With international students facing more restrictions, Northwestern seeks to increase support

(Olivier Douliery/Abaca Press/TNS)

Mike Pompeo, Secretary of State, has overseen President Trump’s national security strategy including restrictions on student visas for Chinese nationals. Northwestern’s International Office has sought to increase support for international students.

Amy Li, Assistant Campus Editor

As international students at Northwestern continue to face uncertainties and obstacles spawned by stricter immigration policies, Northwestern is revamping efforts to support students facing the restrictions.

The new initiatives include legal support for international students like immigration attorneys who facilitate the re-entry of students and faculty from a list of banned countries, said Ravi Shankar, the director of the International Office.

“There was a Ph.D. student from Syria who grew up in Lebanon and never lived in Syria, but was denied a visa because Syrians don’t get a discretionary waiver,” Shankar said.

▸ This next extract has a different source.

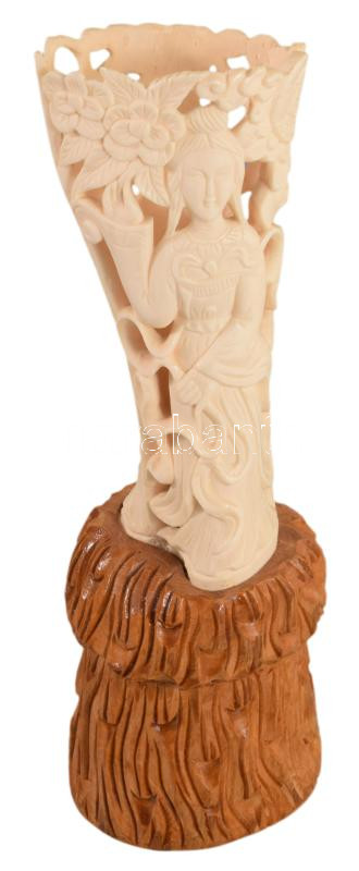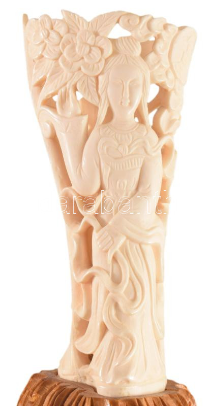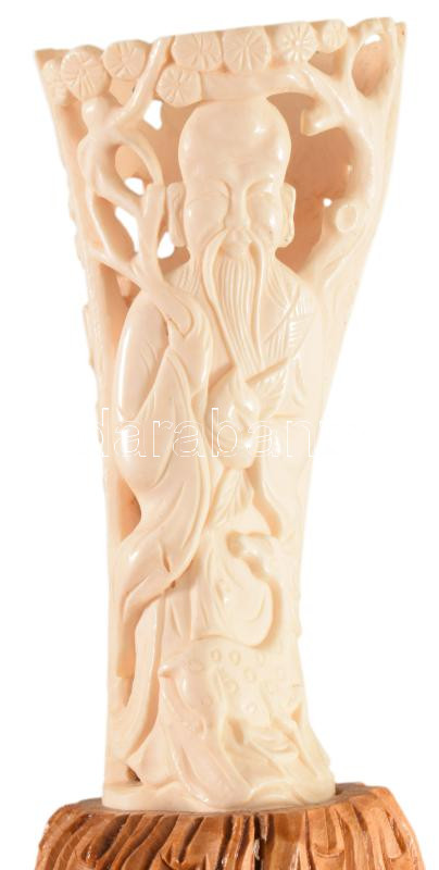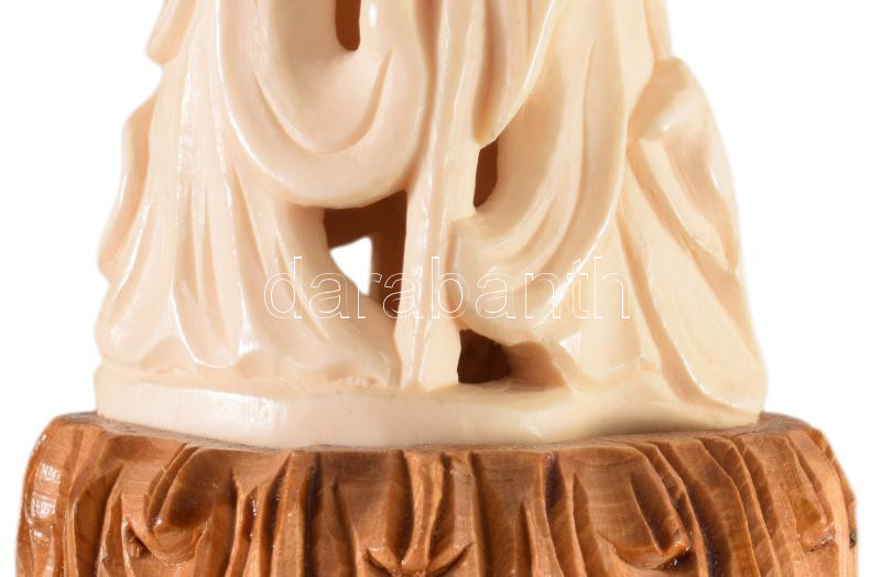Faragott csont keleti szobor, Keleti Bölcs ábárzolással fa talapzaton 23 cm

Working from NU’s Office of Government Relations, Shankar said a congressional inquiry took place and U.S. Rep. Jan Schakowsky (D-Ill.) was able to contact the U.S. embassy in Lebanon, which eventually granted the Syrian student a visa that allowed him to return to campus for his graduate education.

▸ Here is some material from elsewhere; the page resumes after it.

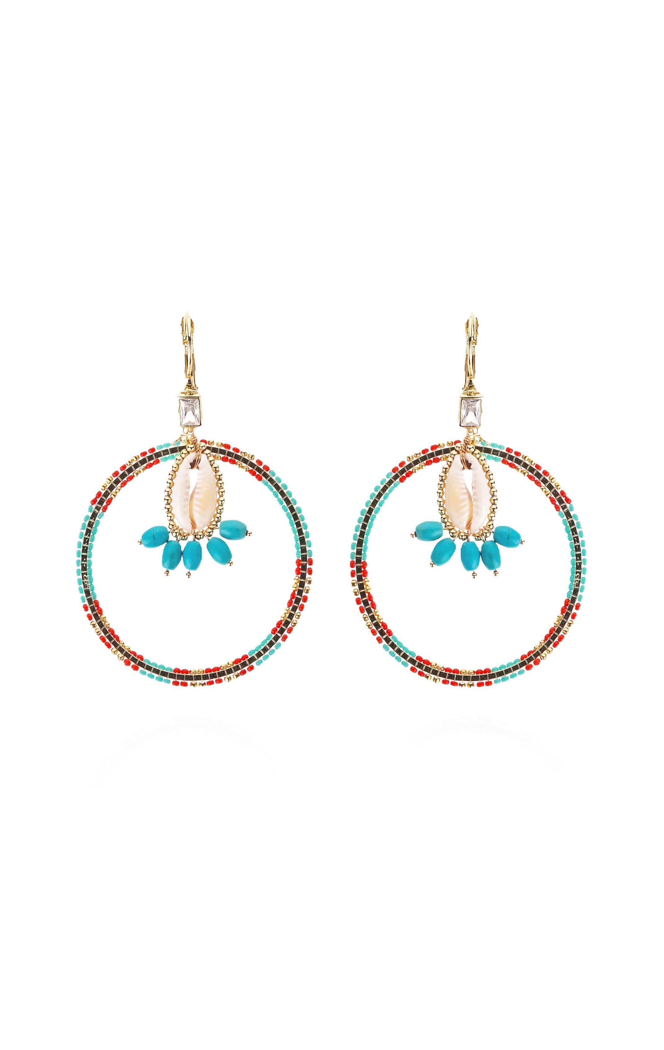 Recif is a gold-plated creole that marries elements with panache: a cabochon set on a cori encircled by small gold balls forms the upper part of the buckle, while a double ring beaded with coral and turquoise completes and perfects this sleeper-mounted buckle.

President Trump’s travel ban, which was upheld by the Supreme Court in a 5-to-4 decision in June, limits travel to the U.S. from a number of countries, primarily Muslim-majority ones. Since the ruling, the ban, originally deemed unconstitutional by some lower courts, has made it increasingly difficult for students from abroad to study in American schools.

In response, the University has added services and programs to support international students in a long-term battle to stay in the United States.

Shankar said he has initiated additional student support since the announcement of the travel ban’s first iteration in 2017. A committee was set up with administrators, including University President Morton Schapiro to predict impacts of the ban and form strategies to combat forces against international education since the beginning of the Trump administration, he said.

The University has been focused on providing increased advocacy on behalf of students affected by the ban, he said.

Amar Shabeeb, a Syrian-American, said the decision to uphold the ban was “upsetting” but unsurprising because it simply echoes discriminatory policies against Arabs and Muslims from the past.

“The people who suffer the most are the people who are already suffering—the people whose lives have already been put at risk,” the Weinberg sophomore said. “(The policy) is in line with our history, unfortunately.”

In May, the Trump administration also announced limits to Chinese graduate student visas, a decision targeting Chinese STEM students studying in high-tech fields like robotics, to ensure that intellectual property is not transferred back to China. Graduate students may be limited to one-year visas on a case-by-case basis.

The policy is a part of Trump’s larger National Security Strategy and started June 11. The White House was said to also have been considering a plan proposed by Stephen Miller, a senior adviser to the president, to ban all Chinese students, the Financial Times reported this month.

While no Chinese students have been affected by the new policy yet, “it’s just a wait-and-see game for what happens moving forward,” Shankar said.

Meanwhile, many of NU’s Chinese students have been feeling pressures from other restrictions that the Trump administration has put on Chinese nationals looking to study or work in the U.S.

Since Trump’s crackdown on U.S. immigration, more and more Chinese students’ applications for F1 student visas have been rejected. Haifei Zheng, a member of NU’s Chinese International Student Association, said several of his friends who have been admitted to U.S. universities could not obtain their student visas on time.

“Summertime is a climax for Chinese students applying for a visa,” the Medill sophomore said. “Some friends got rejected simply because the immigration department is asking for more clarifications, and you just have to wait in line again because there are so many other people waiting.”

Zheng said while there is no immediate stress for undergraduate students who already have a visa, many are limited in future job prospects because of changes to the H-1B working visa process.

Only 85,000 H-1B visas are granted each year using a lottery system, and international students who previously planned to earn some work experience after graduating from Northwestern are growing increasingly uncertain about whether U.S. policies will allow them to do so, Zheng said.

“For the student body, it’s not a immediate stress,” Zheng said, “but for international Chinese job-searching, we face more stress than Americans do. If we were U.S. students, we don’t need to worry about government issues and student visas.”